The alkenone unsaturation index (Uk37) is the most widely used tool to estimate paleo sea-surface temperatures. However, due to high variations of the Uk37 vs. T calibration at the low temperature range, the application of this molecular paleo-thermometer is uncertain for high latitude oceanic regions (T < 5-8 °C).
High resolution Uk37 determinations on sediment cores from the Northern North Atlantic show a significant apparent shift towards warmer temperatures during the last thousand years. This temperature increase is not seen in *18O signals of planktonic foraminifera. Thus, increasing Uk37 values with sediment depth may be an early diagenetic phenomenon. A degradation
experiment conducted with an E. huxley culture of low initial Uk37 (0.23) verified microbially induced Uk37 alterations to higher values during the course of the experiment.
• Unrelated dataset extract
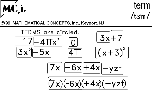 This is a page from the dictionary MATH SPOKEN HERE!, published in 1995 by MATHEMATICAL CONCEPTS, inc., ISBN: 0-9623593-5-1. This 460-entry book sells for $12.00 US plus shipping and sales tax.

The observations indicate that the rate constants of the di- to tetra-unsaturated C37 ketones increase with the degree of unsaturation, leading to systematic variations (increase) of the Uk37 index during early
diagenesis. A simple diffusion-reaction model adequately describes sedimentary alkenone degradation. The model demonstrates that diagenetic Uk37 variations are not linear and preferentially affect low Uk37 values. As a consequence, Uk37 based climatic signals are attenuated, and particulary at high latitudes (low T), the Uk37 based paleo-temperatures are over-estimated. The simple model can help to correct for diagenetic Uk37 shifts.